Ela quis fugir da casa dele, gritou por socorro, falou barbaridades e, assim como eu, o filho do meu primo se pipocou em risos. Contando, a gente ri, porque não faz o menor sentido, é engraçado. Porém, ela não dormiu e fez barulho para que ninguém dormisse, com medo de ser morta pelo filho único – e até disse que os bens dela já eram todos deles, para quê mata-la? Sei é que o que nos fez rir, deixou meu primo exausto e entristecido. Ao perder o juízo, a pessoa que a gente ama já não está mais ali. É só um corpo, sem as memórias, sem o reconhecimento, sem a sanidade...
Minha aluna, porém, me chamou também ao canto, me explicou da bipolaridade, me preveniu do ocorrido, checou o que eu sabia e mostrou que ser bipolar não é viver apenas oscilações de humor e os altos e baixo que decorrem disso: a realidade é distorcida, a vida corre ao contrário, há pesadelos enquanto se está acordado, mil coisas...
Sei lá, acho que nossa época é propensa ao desequilíbrio.
Pode parecer cinismo e ironia, mas acho meio abiloladas, piradas e malucas essas pessoas que distorcem a realidade social, sabe? Porque a humanidade não erra em favor do próximo.
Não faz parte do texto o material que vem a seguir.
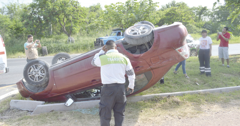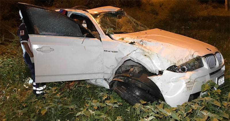 Se desplazaba a exceso de velocidad en su vehículo cuando se le atraviesa otra unidad perdiendo control para terminar con las llantas hacia arriba en el libramiento Naciones Unidas.
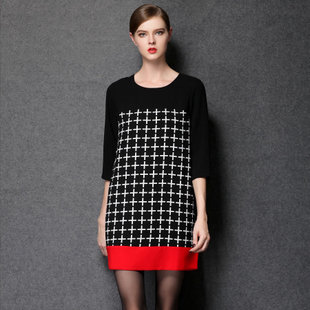 2014秋裝新款 歐美大碼女裝 撞色氣質連衣裙 胖mm連衣裙批發 /

Então fica esse povo noticiando as atrocidades cometidas por bandidos em geral, e por bandidos menores de idade em especial. Mas aí atenuam a situação, querendo pôr sobre a vítima a responsabilidade da violência sofrida: o coitado do bandido não teve oportunidade na vida, é pobre, tem desejos de consumo não saciados, é esquecido pelo Governo, é excluído. Por isso mata, violenta, assalta, queima as pessoas vivas, estupra e etc. E aí eu olho para mim e para meus amigos que não tiveram oportunidades na vida, que somos pobres, que temos desejos de consumo não saciados, somos esquecidos pelo Governo e excluídos, e a gente se vira, estuda em escola pública, trabalha, lê, se vira ainda mais, se sacrifica e não mata ninguém.
Até Tati pensa assim: todo marginal tem razão de ser marginal porque a sociedade cria neles desejos de consumo aquém de suas capacidades aquisitivas.
E os defensores dos menores de idade jamais percebem que eles sabem o certo e o errado e que se têm astúcia para matar, roubar, estuprar, mutilar e torturar devem responder criminalmente pelo que fizeram. No modo de pensar desses aí, a vítima que se lasque, pois vítima maior é o coitadinho infrator, que é vítima do sistema. Responsabilidade, zero.
Tantas vezes o menor infrator monstruoso atinge um menor de idade e o povo fica romantizando, invertendo a lógica para favorecer o assassino!
Estes aí, sim, para mim, perderam o juízo: já não atinam entre a realidade e a fantasia, talvez porque nunca sentiram na pele a mão pesada do assassino, acham que tudo é exagero e responsabilizam o Estado pelo que é ato e responsabilidade pessoal. Todos nós temos escolhas: podemos fazer o bem ou o mal. Quem não tem sanidade mental e se desequilibra, não responde por si. Que pena que as pessoas perderam a noção dessas fronteiras.